■ Problem to work on: Without including any pictures, write out the data below exactly.

■ Dataset content:
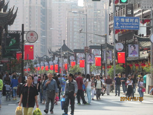 国慶節の日曜日、国慶節のイベントを探して豫園にやって来ました。日本人観光客はこの地域全体を豫園と言います。中国人は城隍廟といいます。タクシーに乗る時に注意しましょう。東京も浅草寺の門前全体を“あさくさ”と言うのと同じです。
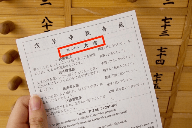 Rút quẻ là một trong những hoạt động phổ biến nhất tại chùa Asakusa Kannon
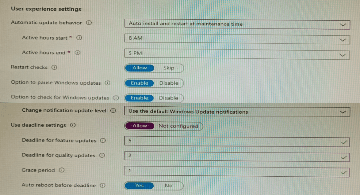 You create an update ring for Windows 10 and later and configure the User experience settings for the ring as shown in the following exhibit.
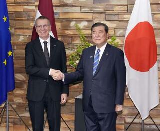 石破首相と握手するラトビアのリンケービッチ大統領(左)5月19日、首相官邸

■ Response below:
 国慶節の日曜日、国慶節のイベントを探して豫園にやって来ました。日本人観光客はこの地域全体を豫園と言います。中国人は城隍廟といいます。タクシーに乗る時に注意しましょう。東京も浅草寺の門前全体を“あさくさ”と言うのと同じです。
 Rút quẻ là một trong những hoạt động phổ biến nhất tại chùa Asakusa Kannon
 You create an update ring for Windows 10 and later and configure the User experience settings for the ring as shown in the following exhibit.
 石破首相と握手するラトビアのリンケービッチ大統領(左)5月19日、首相官邸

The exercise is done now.